▶ [Source data]
BEGIN
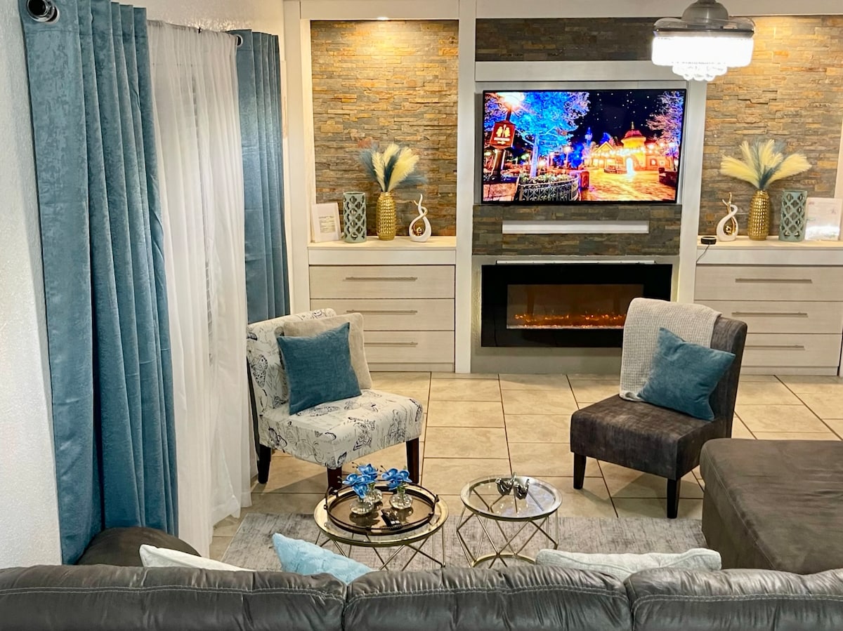 Locuință de lux modernă, nou-nouță, uimitoare, la Encore Resort Reunion. ACCEPTĂ ANIMALE DE COMPANIE și minute pentru toate parcurile tematice. LOCUINȚĂ NOU-NOUȚĂ. Piscină privată și spa / Cameră de jocuri / Cinematograf / Sală de fitness / Fotoliu de masaj / Șemineu / PS5 / Jocuri de societate și multe altele. Bucură-te de ceva extraordinar și rezervă-ți șederea în locuința noastră, unde luxul și divertismentul se îmbină pentru o experiență de vacanță de neuitat. ** Te rugăm să consulți regulile înainte de a face o rezervare. Accesul la parcul acvatic nu este inclus. **
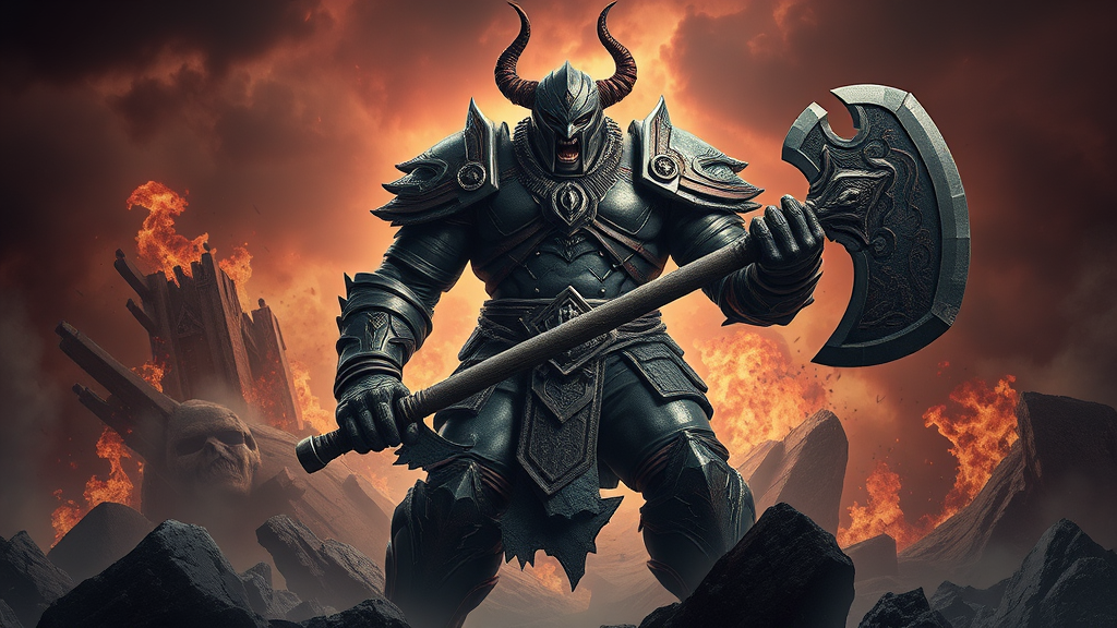 Capture Worldbreaker Sion in a hyper-realistic photograph set amidst a chaotic and apocalyptic landscape, showcasing his massive towering physique, intricate armor, and signature axe using advanced lighting techniques and dynamic posing; highlight the details of his fierce unrelenting expression to convey power and destruction, employing a muted desaturated color palette with pops of dark crimson and obsidian black to encapsulate Worldbreaker Sion's catastrophic world-ending essence, adding subtle creative modifications while preserving the core concept.
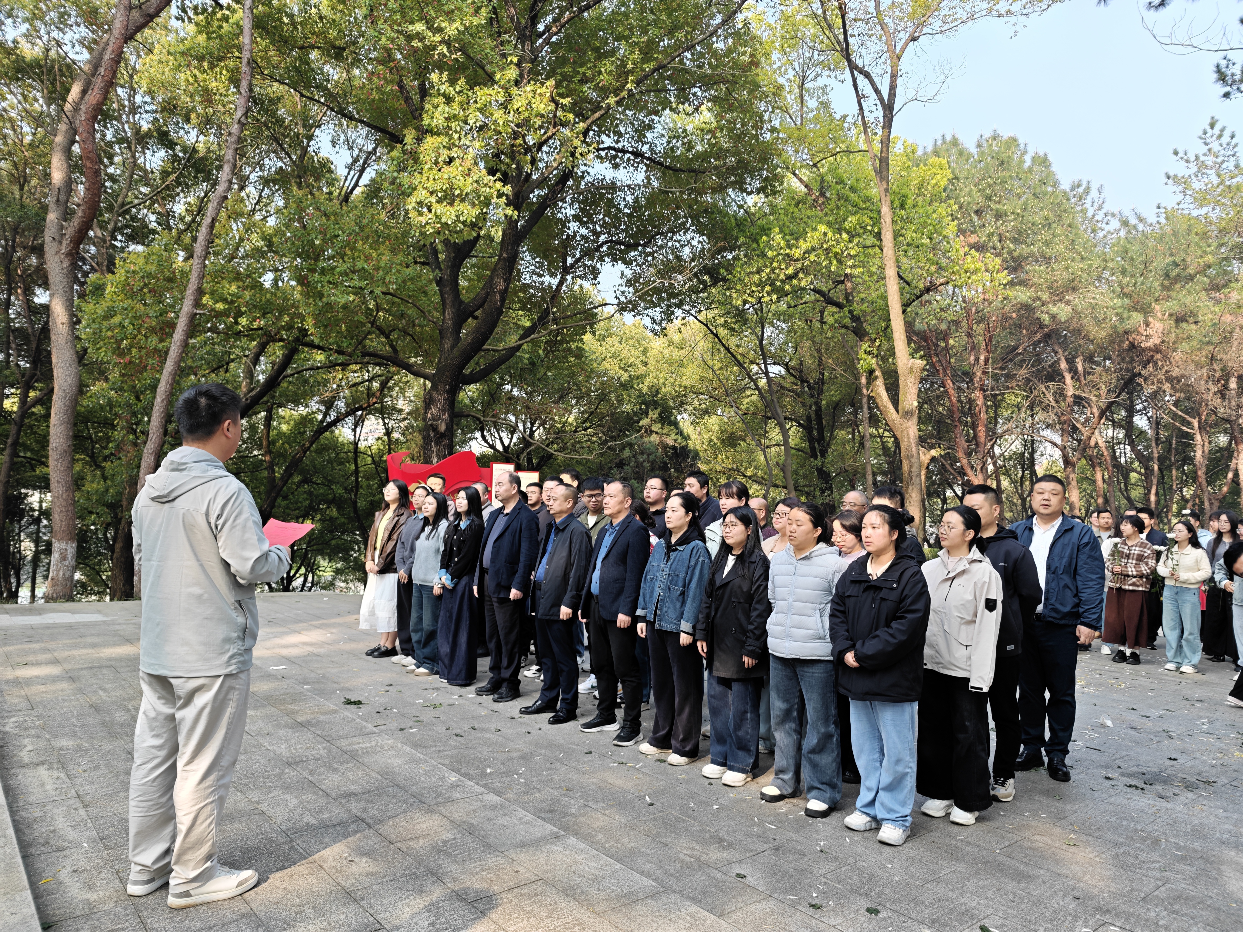 当天上午,全体人员整齐列队,齐声高唱中华人民共和国国歌。大家神情肃穆,向烈士纪念碑敬献花篮,深切缅怀革命先烈的丰功伟绩。随后,全体人员默哀致敬,表达对革命先烈的深切哀思与崇高敬意。
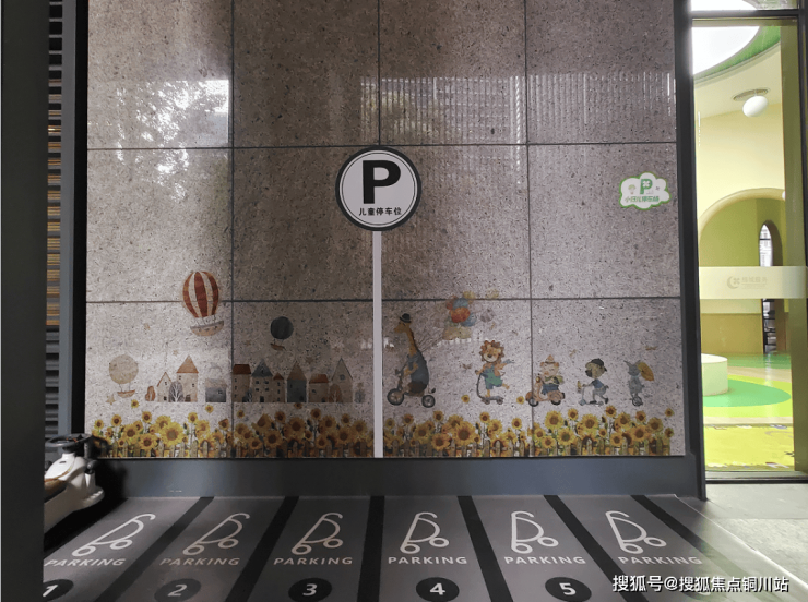 如风雨连廊下专门设置了一处儿童停车场,孩子们的滑板车、溜溜车、摇摇马都能聚集在此,秩序感油然而生。
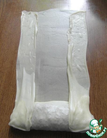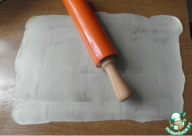 Раскатываем пласт так тонко, насколько можно... как папиросная бумага... ничего если порвется... не страшно...
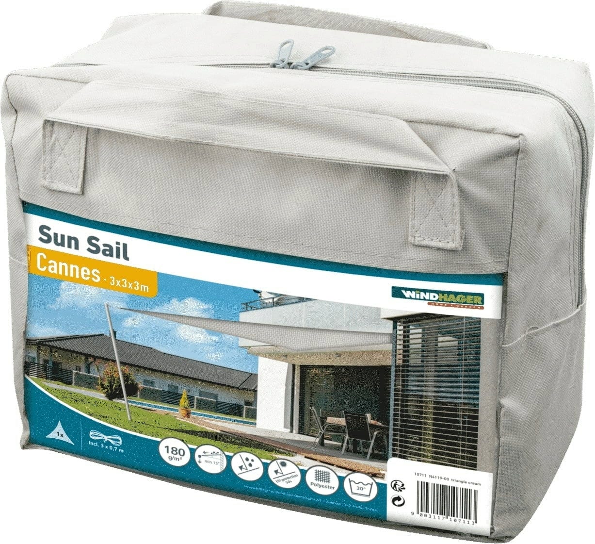 Windhager Stínící plachta SunSail CANNES trojúhelník 3x3x3 m, cream-grey
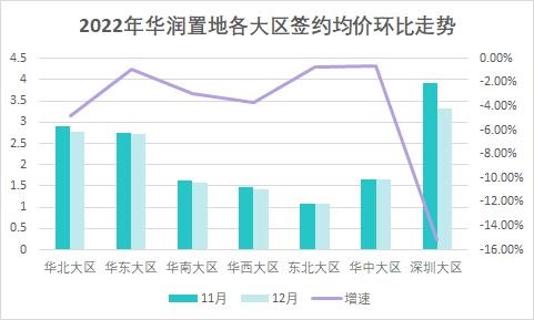 2022年底的搶收行為,使得華潤(rùn)置地各大區(qū)簽約均價(jià)環(huán)比均有所下滑。
END
▶ [Exercise requirements] Extract only the lines from the one that contains "当天上午,全体人员整齐列队,齐声高唱中华" through the end of the records, inclusive, and omit every picture.

▶ [Solution]
 当天上午,全体人员整齐列队,齐声高唱中华人民共和国国歌。大家神情肃穆,向烈士纪念碑敬献花篮,深切缅怀革命先烈的丰功伟绩。随后,全体人员默哀致敬,表达对革命先烈的深切哀思与崇高敬意。
 如风雨连廊下专门设置了一处儿童停车场,孩子们的滑板车、溜溜车、摇摇马都能聚集在此,秩序感油然而生。
 Раскатываем пласт так тонко, насколько можно... как папиросная бумага... ничего если порвется... не страшно...
 Windhager Stínící plachta SunSail CANNES trojúhelník 3x3x3 m, cream-grey
 2022年底的搶收行為,使得華潤(rùn)置地各大區(qū)簽約均價(jià)環(huán)比均有所下滑。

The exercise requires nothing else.